TASK TO CARRY OUT: Write out again only the lines that run from the start of the entries to the line containing "Hitchcock and Reville", both included.

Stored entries
--- --- ---

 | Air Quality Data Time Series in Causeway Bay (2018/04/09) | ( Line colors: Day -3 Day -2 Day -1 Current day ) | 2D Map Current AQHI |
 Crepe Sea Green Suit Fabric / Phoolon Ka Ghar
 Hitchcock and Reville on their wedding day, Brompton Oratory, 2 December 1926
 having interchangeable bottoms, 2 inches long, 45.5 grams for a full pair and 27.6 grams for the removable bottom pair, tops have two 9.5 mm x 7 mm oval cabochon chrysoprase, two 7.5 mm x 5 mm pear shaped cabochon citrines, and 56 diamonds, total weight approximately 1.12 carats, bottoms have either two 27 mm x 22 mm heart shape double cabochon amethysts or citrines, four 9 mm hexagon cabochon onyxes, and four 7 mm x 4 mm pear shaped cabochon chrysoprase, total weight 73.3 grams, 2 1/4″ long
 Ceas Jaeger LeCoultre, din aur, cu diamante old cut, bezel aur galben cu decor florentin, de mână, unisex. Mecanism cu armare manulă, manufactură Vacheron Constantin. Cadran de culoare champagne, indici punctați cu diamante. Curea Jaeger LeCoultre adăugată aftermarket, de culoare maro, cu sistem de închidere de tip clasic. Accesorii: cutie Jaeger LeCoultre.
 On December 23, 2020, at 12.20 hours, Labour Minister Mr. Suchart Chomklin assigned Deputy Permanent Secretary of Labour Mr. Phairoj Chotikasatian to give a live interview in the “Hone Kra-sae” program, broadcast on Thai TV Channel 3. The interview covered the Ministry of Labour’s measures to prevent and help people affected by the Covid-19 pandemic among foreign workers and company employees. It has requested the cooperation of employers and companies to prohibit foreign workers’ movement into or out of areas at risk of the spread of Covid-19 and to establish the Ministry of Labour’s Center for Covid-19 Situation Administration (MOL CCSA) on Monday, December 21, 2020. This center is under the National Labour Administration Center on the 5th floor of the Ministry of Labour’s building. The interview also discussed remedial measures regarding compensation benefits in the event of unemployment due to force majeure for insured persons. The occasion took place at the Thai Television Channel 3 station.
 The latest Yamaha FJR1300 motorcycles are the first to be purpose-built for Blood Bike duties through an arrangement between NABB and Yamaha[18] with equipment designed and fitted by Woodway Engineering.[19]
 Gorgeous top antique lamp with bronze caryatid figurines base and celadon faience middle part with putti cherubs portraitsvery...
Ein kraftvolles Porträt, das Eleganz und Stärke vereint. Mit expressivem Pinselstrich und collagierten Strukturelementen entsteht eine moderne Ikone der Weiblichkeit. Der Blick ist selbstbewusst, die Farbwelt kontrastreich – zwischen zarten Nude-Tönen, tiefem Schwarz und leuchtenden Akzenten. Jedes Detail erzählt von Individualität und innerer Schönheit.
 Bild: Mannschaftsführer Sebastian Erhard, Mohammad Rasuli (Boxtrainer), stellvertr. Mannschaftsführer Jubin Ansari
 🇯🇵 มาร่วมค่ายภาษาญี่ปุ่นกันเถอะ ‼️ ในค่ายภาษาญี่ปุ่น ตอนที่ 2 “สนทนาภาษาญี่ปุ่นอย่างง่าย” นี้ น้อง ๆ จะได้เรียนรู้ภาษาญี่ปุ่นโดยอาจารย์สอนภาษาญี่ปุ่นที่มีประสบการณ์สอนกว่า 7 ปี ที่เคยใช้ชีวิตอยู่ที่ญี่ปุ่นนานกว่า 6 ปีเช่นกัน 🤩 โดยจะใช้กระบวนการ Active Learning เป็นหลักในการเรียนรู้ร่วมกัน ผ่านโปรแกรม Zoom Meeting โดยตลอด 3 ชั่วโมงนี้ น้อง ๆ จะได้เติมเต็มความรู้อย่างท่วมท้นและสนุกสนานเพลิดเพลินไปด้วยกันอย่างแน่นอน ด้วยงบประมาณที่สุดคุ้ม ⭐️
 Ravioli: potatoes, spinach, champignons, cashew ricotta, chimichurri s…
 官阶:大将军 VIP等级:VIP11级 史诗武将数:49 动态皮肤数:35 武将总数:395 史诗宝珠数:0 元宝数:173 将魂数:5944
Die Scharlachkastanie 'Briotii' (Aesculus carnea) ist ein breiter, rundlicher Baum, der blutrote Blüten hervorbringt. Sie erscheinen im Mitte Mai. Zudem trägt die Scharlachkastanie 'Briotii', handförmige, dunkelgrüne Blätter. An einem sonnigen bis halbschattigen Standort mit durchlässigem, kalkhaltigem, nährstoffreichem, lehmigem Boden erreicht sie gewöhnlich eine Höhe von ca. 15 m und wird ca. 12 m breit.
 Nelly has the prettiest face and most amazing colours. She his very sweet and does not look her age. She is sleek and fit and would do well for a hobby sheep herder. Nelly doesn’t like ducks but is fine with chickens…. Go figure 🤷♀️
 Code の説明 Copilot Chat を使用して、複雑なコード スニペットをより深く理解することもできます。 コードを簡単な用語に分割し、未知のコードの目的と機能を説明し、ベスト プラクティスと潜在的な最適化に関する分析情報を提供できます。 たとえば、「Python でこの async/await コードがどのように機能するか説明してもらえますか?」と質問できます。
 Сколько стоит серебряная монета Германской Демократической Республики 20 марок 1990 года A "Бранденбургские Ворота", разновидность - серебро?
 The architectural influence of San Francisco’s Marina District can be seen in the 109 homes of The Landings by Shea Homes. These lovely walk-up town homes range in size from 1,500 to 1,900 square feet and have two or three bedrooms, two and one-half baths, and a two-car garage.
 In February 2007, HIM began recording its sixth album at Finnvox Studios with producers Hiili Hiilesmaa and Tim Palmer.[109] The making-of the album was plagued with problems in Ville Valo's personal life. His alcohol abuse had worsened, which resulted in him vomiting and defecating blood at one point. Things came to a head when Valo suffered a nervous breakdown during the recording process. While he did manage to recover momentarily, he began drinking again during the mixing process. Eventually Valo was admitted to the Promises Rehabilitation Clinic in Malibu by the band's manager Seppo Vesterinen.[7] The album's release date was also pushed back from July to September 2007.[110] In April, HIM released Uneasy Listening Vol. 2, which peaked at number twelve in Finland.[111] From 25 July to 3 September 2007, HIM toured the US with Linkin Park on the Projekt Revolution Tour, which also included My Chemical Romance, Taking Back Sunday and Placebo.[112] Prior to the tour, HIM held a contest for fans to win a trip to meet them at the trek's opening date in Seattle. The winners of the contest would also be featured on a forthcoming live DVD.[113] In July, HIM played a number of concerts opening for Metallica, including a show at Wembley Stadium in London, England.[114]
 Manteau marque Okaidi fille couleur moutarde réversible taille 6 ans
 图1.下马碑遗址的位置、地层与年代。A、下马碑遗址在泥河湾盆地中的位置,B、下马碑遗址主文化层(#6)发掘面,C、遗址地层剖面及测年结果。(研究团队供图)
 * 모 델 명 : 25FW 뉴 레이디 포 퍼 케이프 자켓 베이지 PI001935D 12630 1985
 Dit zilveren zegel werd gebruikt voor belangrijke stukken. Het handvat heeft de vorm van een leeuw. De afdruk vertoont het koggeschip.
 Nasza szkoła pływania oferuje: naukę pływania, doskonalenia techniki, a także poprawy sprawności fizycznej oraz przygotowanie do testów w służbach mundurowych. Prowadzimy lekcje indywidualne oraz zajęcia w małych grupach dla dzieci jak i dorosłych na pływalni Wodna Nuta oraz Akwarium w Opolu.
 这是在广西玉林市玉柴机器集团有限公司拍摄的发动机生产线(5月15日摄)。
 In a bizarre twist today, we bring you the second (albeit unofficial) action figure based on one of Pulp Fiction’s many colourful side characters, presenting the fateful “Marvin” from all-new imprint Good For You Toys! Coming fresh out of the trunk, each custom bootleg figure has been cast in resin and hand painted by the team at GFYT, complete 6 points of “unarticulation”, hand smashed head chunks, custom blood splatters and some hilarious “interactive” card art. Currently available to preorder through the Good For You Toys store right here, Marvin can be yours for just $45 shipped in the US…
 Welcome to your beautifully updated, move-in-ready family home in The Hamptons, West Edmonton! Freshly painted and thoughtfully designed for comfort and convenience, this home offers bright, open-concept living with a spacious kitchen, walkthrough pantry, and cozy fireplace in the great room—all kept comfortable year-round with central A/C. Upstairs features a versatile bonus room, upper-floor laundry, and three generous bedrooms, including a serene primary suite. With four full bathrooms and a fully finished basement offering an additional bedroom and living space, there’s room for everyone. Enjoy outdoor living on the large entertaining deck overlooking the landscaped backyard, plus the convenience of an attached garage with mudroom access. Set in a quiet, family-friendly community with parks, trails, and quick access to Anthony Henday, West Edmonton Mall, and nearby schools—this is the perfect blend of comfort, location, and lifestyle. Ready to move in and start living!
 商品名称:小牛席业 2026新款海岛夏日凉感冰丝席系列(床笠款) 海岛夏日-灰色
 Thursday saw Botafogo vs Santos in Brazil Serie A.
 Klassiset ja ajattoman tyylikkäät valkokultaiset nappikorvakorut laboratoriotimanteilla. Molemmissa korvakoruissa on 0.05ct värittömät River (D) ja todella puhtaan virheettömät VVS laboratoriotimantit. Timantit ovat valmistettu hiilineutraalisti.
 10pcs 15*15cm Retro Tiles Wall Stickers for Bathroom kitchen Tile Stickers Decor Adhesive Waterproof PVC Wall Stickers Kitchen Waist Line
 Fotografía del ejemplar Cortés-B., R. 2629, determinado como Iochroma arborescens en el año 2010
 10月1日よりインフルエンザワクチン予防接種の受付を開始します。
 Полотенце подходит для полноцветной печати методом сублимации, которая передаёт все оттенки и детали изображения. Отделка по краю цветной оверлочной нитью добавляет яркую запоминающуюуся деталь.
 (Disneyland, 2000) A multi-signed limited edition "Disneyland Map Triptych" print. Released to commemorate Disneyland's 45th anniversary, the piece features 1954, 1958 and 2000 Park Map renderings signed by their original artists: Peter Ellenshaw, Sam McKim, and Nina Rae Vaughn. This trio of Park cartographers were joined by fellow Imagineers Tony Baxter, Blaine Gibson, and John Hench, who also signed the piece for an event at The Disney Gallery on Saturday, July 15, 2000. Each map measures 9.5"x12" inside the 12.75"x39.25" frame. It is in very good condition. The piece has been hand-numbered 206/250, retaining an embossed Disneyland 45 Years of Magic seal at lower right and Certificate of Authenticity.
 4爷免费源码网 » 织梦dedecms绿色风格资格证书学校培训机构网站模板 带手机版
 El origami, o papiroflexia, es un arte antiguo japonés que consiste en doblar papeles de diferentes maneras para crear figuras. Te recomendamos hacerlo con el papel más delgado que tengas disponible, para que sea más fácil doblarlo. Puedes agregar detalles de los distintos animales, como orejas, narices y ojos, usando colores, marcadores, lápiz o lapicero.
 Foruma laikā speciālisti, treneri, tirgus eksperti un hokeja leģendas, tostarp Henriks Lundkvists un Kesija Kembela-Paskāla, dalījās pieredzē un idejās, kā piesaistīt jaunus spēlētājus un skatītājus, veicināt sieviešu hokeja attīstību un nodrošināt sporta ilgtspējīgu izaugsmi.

--- --- ---

FINISHED EXERCISE:
 | Air Quality Data Time Series in Causeway Bay (2018/04/09) | ( Line colors: Day -3 Day -2 Day -1 Current day ) | 2D Map Current AQHI |
 Crepe Sea Green Suit Fabric / Phoolon Ka Ghar
 Hitchcock and Reville on their wedding day, Brompton Oratory, 2 December 1926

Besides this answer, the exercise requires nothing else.